Wind Energy and Your Health

More than 49,000 wind turbines are in operation in the United States today, safely generating electricity for our nation. 

Wind energy is one of the healthiest forms of energy generation in the world because it releases no greenhouse gases, soot, or carbon into the atmosphere. It does not consume valuable fresh water or produce water pollution.

Apex wind projects are built in full compliance with local, state, and federal safety regulations to protect the health and welfare of landowners, maintenance teams, and others. 


Wind Energy is Reducing Greenhouse Gas Emissions

In 2015, 191 million megawatt-hours were generated by wind energy. This production avoided an estimated 132 million metric tons of CO2, the equivalent emissions of 28.1 million cars. 

The electricity generated in 2015 also displaced approximately 176,000 metric tons of sulfur dioxide (SO2) and 106,000 metric tons of nitrogen oxide (NOx), representing $7.3 billion in avoided health costs last year alone. 

        —American Wind Energy Association, "Wind Energy Reducing Greenhouse Gas Emissions," 2016

The American Lung Association has recognized the need for cleaner air in its Healthy Air Campaign, "Unhealthy air is hazardous to our families and even can threaten life itself." The campaign also supports a transition to a clean energy future, "..reforms to transmission and distribution policies that will encourage the expansion and delivery of clean, renewable, non-combustion energy resources."

        —American Lung Association, "Public Policy Position-Energy," June 25, 2015


Key Findings from Major Health Impact Studies

Government- and university-sponsored studies around the world have repeatedly confirmed that modern wind turbines pose no threat to public health.
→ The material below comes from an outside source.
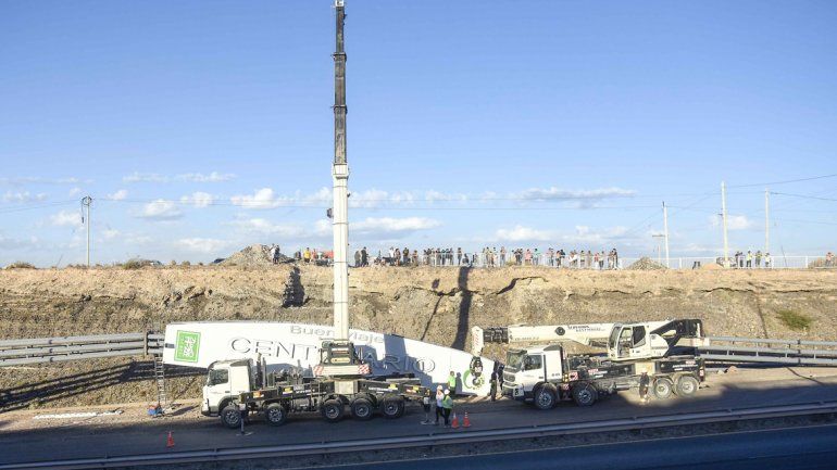 "Ayer estuvimos hasta las 20 pero desgraciadamente por el viento no lo pudimos colocar. Es un cartel que tiene 60 metros de largo por 20 de ancho. Por ahora y hasta el mediodía tenemos habilitado un solo carril en dirección Neuquén-Centenario pero al mediodía el corte será total", explicó en diálogo con LU5, el comisario Ricardo Arias, de la Dirección de Tránsito Neuquén de la Policía.

Over 17 independent reviews of the existing science on wind energy and health have reached the same conclusion:

“There is no evidence for a set of health effects from exposure to wind turbines that could be characterized as a ‘Wind Turbine Syndrome." 

— Massachusetts Department of Public Health, “Wind Turbine Health Impact Study: Report of Independent Expert Panel,” January 2012


Wind Turbine Sound

The sound of wind turbine blades passing through the air is often described as a “whoosh.” Measurements show that this sound is no louder than a kitchen refrigerator or air conditioning unit at a distance of 1,000 feet.

Low-frequency sound will be no different than waves on a beach and weaker than highway traffic, air conditioners, and other daily exposures.

Scientific evidence confirms that this sound is not dangerous and that any low-frequency waves produced are not harmful to those nearby.

“To date, no peer reviewed scientific journal articles demonstrate a causal link between people living in proximity to modern wind turbines, the noise (audible, low frequency noise, or infrasound) they emit and resulting physiological health effects.” 

 Knopper and Ollson, “Health Effects and Wind Turbines: A Review of the Literature,” Environmental Health 10:78 (2011)

“... low level frequency noise or infrasound emitted by wind turbines is minimal and of no consequence ... Further, numerous reports have concluded that there is no evidence of health effects arising from infrasound or low frequency noise generated by wind turbines.” 

— Australian Government, National Health and Medical Research Council, “Wind Turbines and Health,” July 2010


Shadow Flicker

This term refers to the shadows cast by wind turbine blades as they rotate in front of the sun, similar to the shadow cast by a tree blowing in the wind. By positioning wind turbines at a carefully calculated angle and distance from dwellings, Apex ensures that most homes in a project experience no shadowing at all. For those that do, shadowing will occur for no more than a few minutes per day, on average. Furthermore, because shadowing effects are weaker as you get farther from a turbine, these effects are often barely noticeable from residences. Shadowing does not occur on cloudy or foggy days. 

Furthermore, while some have claimed that shadow flicker can create risk of seizures in photosensitive individuals ...

“Scientific evidence suggests that shadow flicker [from the rotating blades of wind turbines] does not pose a risk for eliciting seizures as a result of photic stimulation.”

 Massachusetts Department of Public Health, “Wind Turbine Health Impact Study: Report of Independent Expert Panel,” January 2012


Ice Throw

In some wintry conditions, ice can accumulate on turbine blades. Sophisticated vibration sensors on the turbine blade automatically shut the turbine down when this occurs. In almost all cases, ice drops straight to the ground, just like icicles or snow sliding off a roof. Apex exceeds minimum setback requirements to make absolutely certain ice is not a risk to neighboring structures.